**Records provided**
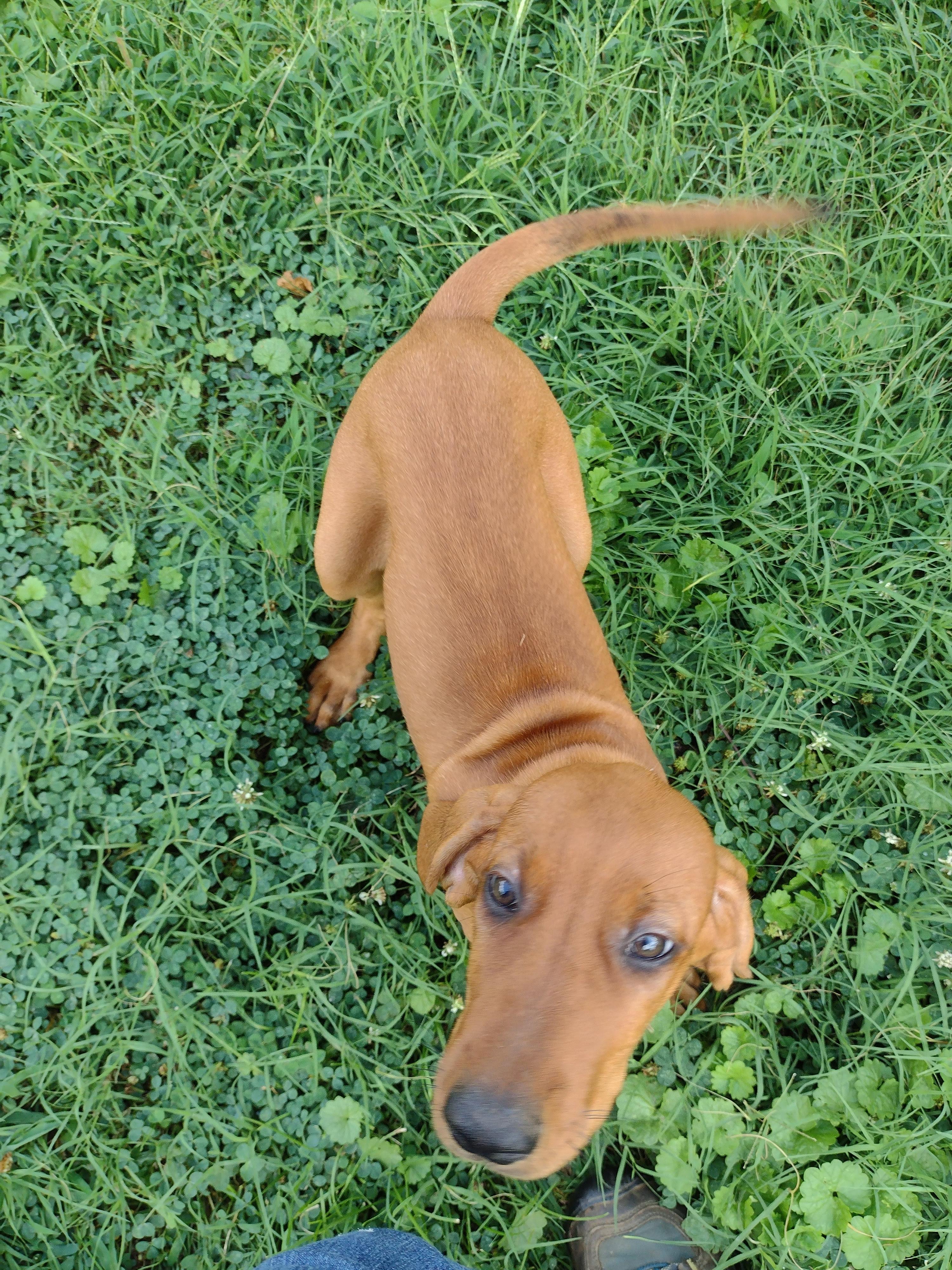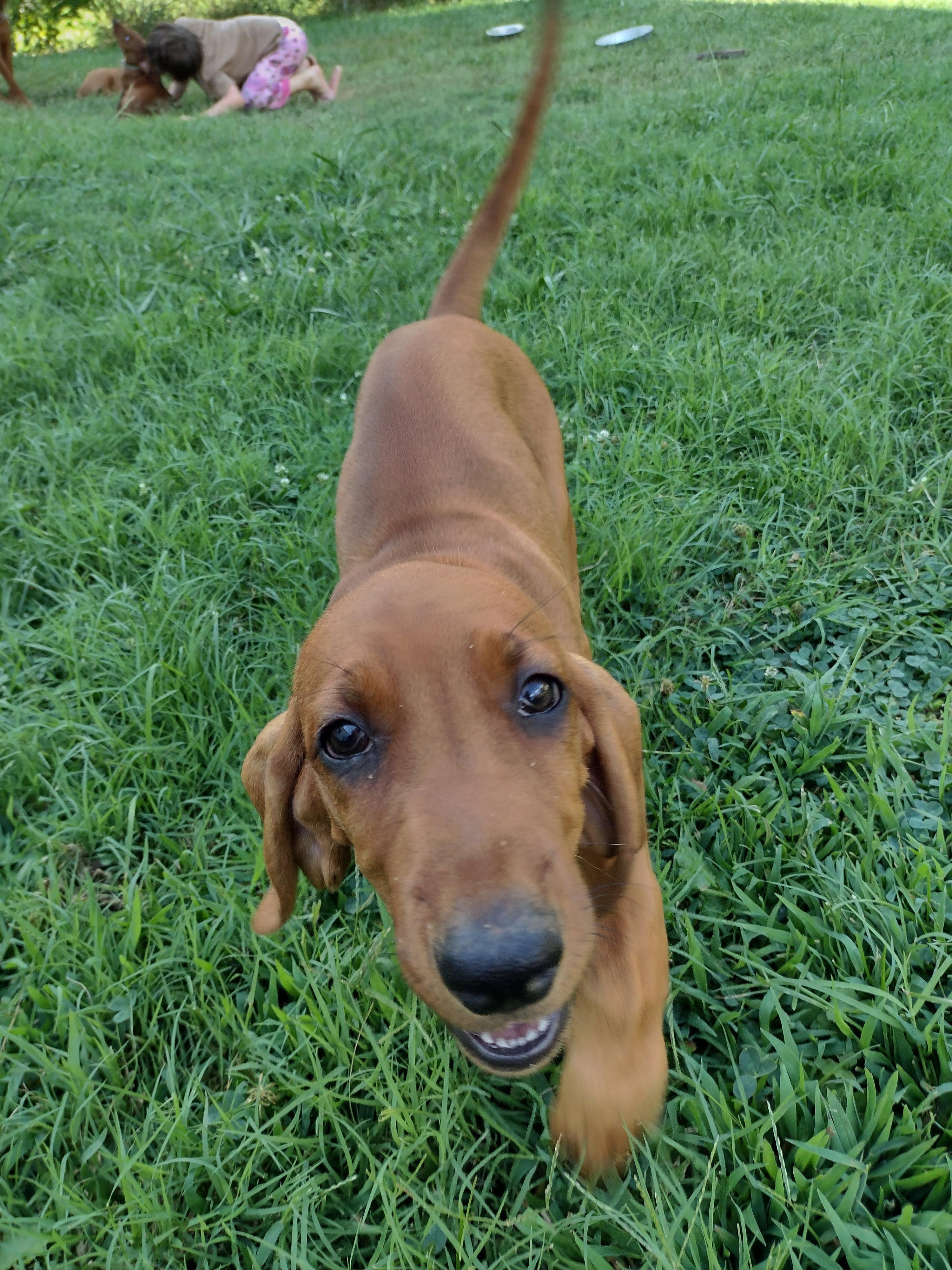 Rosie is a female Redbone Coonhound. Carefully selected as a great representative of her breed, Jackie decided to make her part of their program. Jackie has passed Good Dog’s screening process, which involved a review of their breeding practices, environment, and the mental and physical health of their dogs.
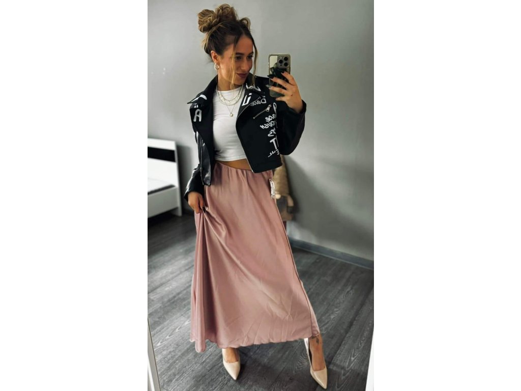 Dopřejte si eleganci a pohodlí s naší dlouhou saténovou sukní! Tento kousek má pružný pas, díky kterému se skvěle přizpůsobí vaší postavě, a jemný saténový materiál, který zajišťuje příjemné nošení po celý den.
...
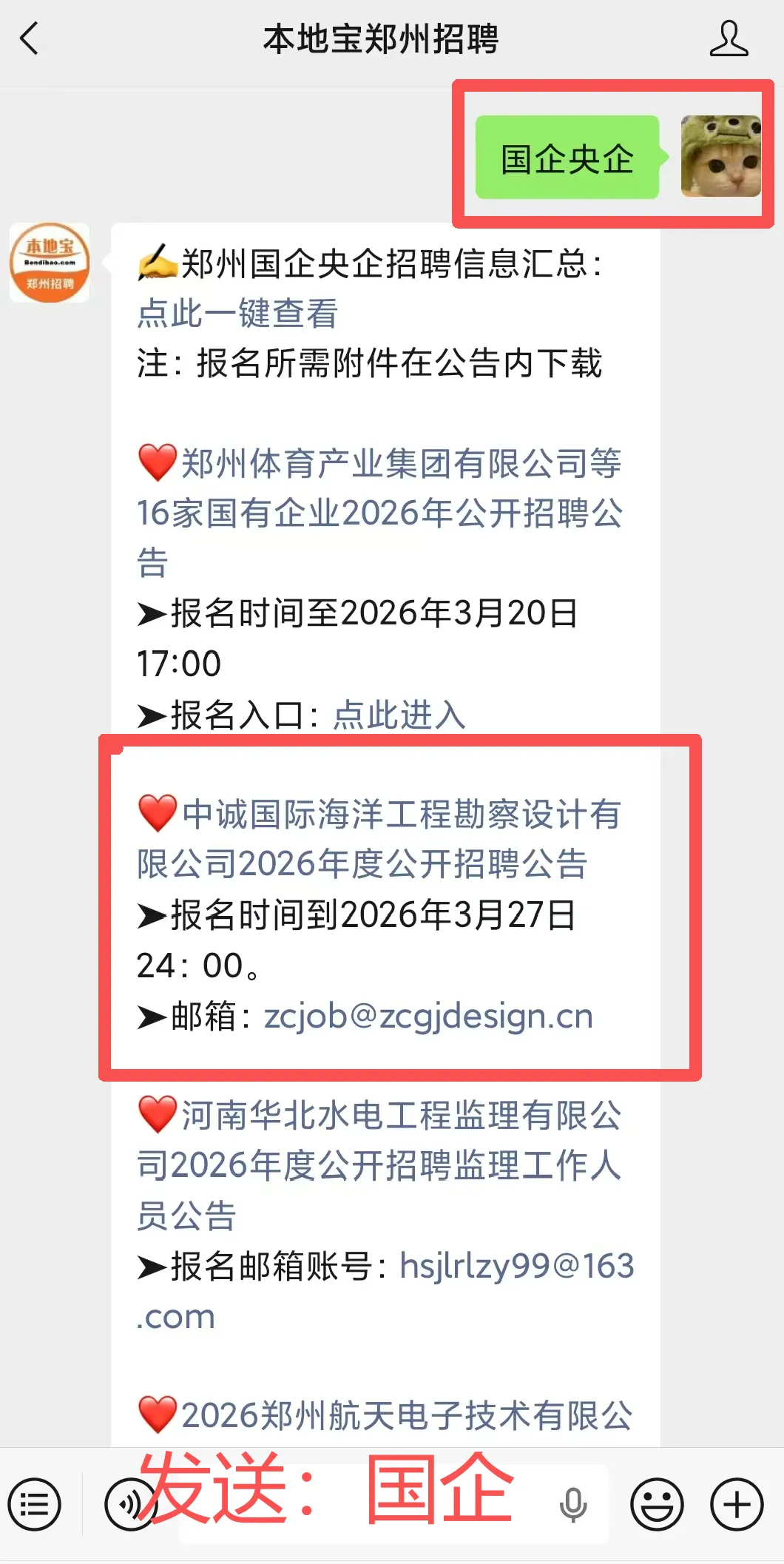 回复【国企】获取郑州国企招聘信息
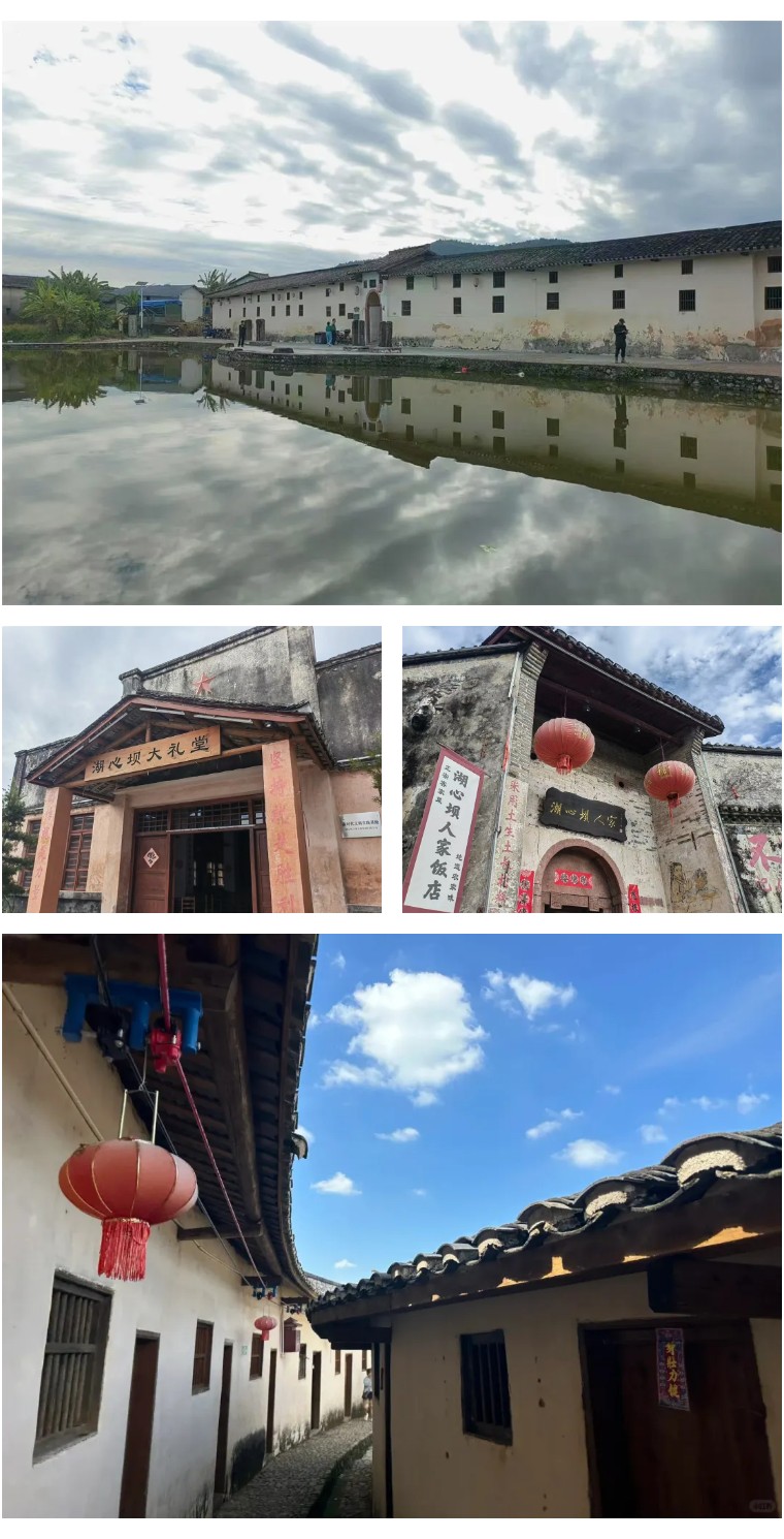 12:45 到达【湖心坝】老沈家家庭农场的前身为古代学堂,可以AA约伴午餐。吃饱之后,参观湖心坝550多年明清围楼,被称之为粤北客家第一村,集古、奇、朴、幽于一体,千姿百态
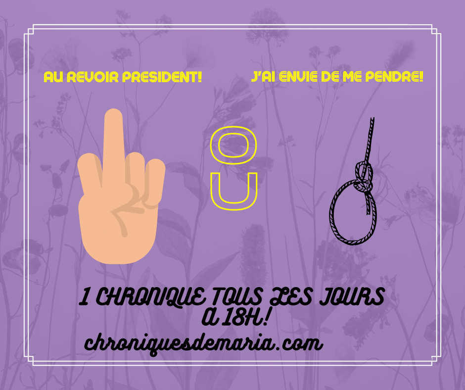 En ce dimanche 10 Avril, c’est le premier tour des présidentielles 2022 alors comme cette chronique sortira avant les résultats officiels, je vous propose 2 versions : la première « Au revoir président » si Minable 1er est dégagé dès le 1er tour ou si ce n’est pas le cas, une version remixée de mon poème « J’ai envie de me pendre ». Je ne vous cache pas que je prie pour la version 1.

**Aim of the task**
Only the lines above starting with the line with "12:45 到达【湖心坝】老" and going on through the line with "En ce dimanche" belong in the answer; repeat them exactly, minus any picture.

**Problem solution**
 12:45 到达【湖心坝】老沈家家庭农场的前身为古代学堂,可以AA约伴午餐。吃饱之后,参观湖心坝550多年明清围楼,被称之为粤北客家第一村,集古、奇、朴、幽于一体,千姿百态
 En ce dimanche 10 Avril, c’est le premier tour des présidentielles 2022 alors comme cette chronique sortira avant les résultats officiels, je vous propose 2 versions : la première « Au revoir président » si Minable 1er est dégagé dès le 1er tour ou si ce n’est pas le cas, une version remixée de mon poème « J’ai envie de me pendre ». Je ne vous cache pas que je prie pour la version 1.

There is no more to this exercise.